Donald Trump's first campaign rallies since the start of his criminal hush money trial in New York barely mentioned the reason for his absence from the campaign trail.

But in lengthy speeches in Waukesha, Wis., and Freeland, Mich., Wednesday, Trump continued to escalate his rhetoric around what a second term would look like — and the consequences he foresees if he doesn't win.

Trump echoed comments he made in a TIME Magazine interview that published earlier this week outlining an aggressive take on the presidency, including a push to revive the authority to withhold congressionally appropriated funds and give police further immunity from prosecution to crack down on immigrants and perceived crime hotspots.

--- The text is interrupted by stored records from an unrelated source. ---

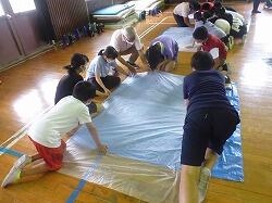 絵や文字を書いて仕上げた後、実際に浮かせてみると、どの班も体育館の天井まで熱気球が上がりました。
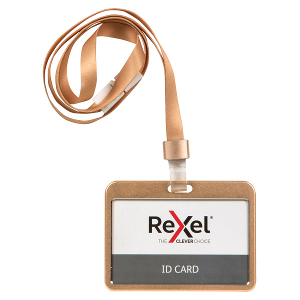 REXEL ID CARD HOLDER ALUMINIUM LANDSCAPE WITH LANYARD ROSE GOLD
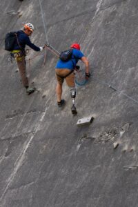 Bergsteigen ist hier nicht nur Sport, sondern ein wirksamestherapeutisches Instrument. Die Eroberung eines Gipfels wird zurMetapher für das Überwinden innerer Hürden und gibt den Glauben an die eigene Kraft zurück. Der Grundsatz der Seilschaft lehrt auf direkteWeise Vertrauen und gegenseitige Unterstützung – eine Erfahrung, die sich in einer psychologischen Praxis nicht reproduzieren lässt.
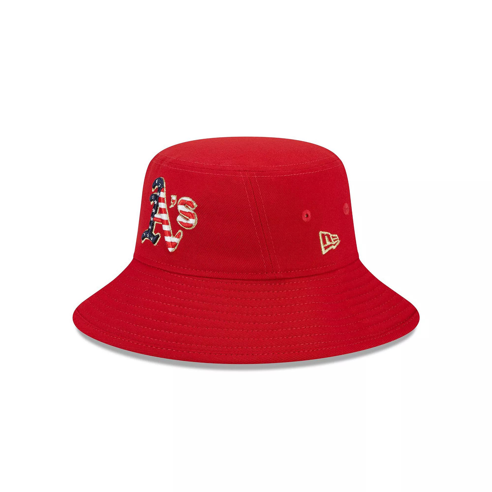 Baseball and the Fourth of July are a great American duo. Celebrate Independence Day with this Oakland Athletics Bucket Hat from New Era. Whether youre at the ballpark or the barbeque, these American Oakland Athletics graphics will be a hit wherever you go.Baseball and the Fourth of July are a great American duo. Celebrate Independence Day with this Oakland Athletics Bucket Hat from New Era. Whether youre at the ballpark or the barbeque, these American Oakland Athletics graphics will be a hit wherever you go.PRODUCT FEATURESSurface washableBrand: New EraImportedEmbroidered graphicsMaterial: 95% Polyester/5% Spandex - Crown; 100% Cotton - UndervisorOfficially licensedOne size fits most Size: One Size. Gender: male. Age Group: adult.
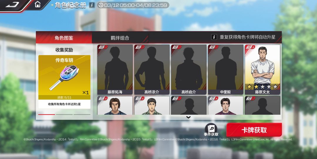 通过完成纪念册中的指定任务,将会获得随机角色卡牌,从那位在送豆腐路上练就神技的“车神”,到冷静完美的“白色彗星”,都将悉数登场!
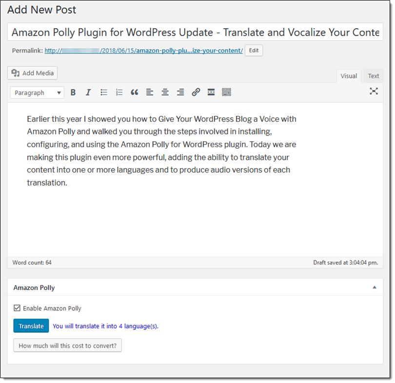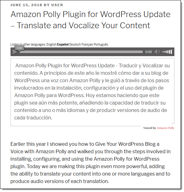 Earlier this year I showed you how to Give Your WordPress Blog a Voice with Amazon Polly and walked you through the steps involved in installing, configuring, and using the Amazon Polly for WordPress plugin. Today we are making this plugin even more powerful, adding the ability to translate your content into one or more languages and to produce audio versions of each translation. The translation is implemented using Amazon Translate, a neural machine translation service that is part of our portfolio of machine learning services.

Many of his signature proposals and policies mentioned frequently at campaign events were on display: increased oil drilling, a rollback of President Joe Biden's economic policies, including the Inflation Reduction Act and a massive bipartisan infrastructure bill; and the false claim that the 2020 election was stolen.

He also mentioned recent protests roiling college campuses around Israel's military action in Gaza in response to an Oct. 7 attack on the country by Hamas.

He called on those schools to "vanquish the radicals and take back our campuses for all of the normal students" while making inflammatory remarks about refugees from the conflict as part of his hardline immigration views.

In his Wisconsin speech, Trump implied Palestinian refugees resettled in the U.S. would bring "jihad" and warned of an "Oct. 7-style attack" as he reiterated his proposal to enact a travel ban from majority-Muslim countries and vowed to oversee "the largest deportation in the history of our country."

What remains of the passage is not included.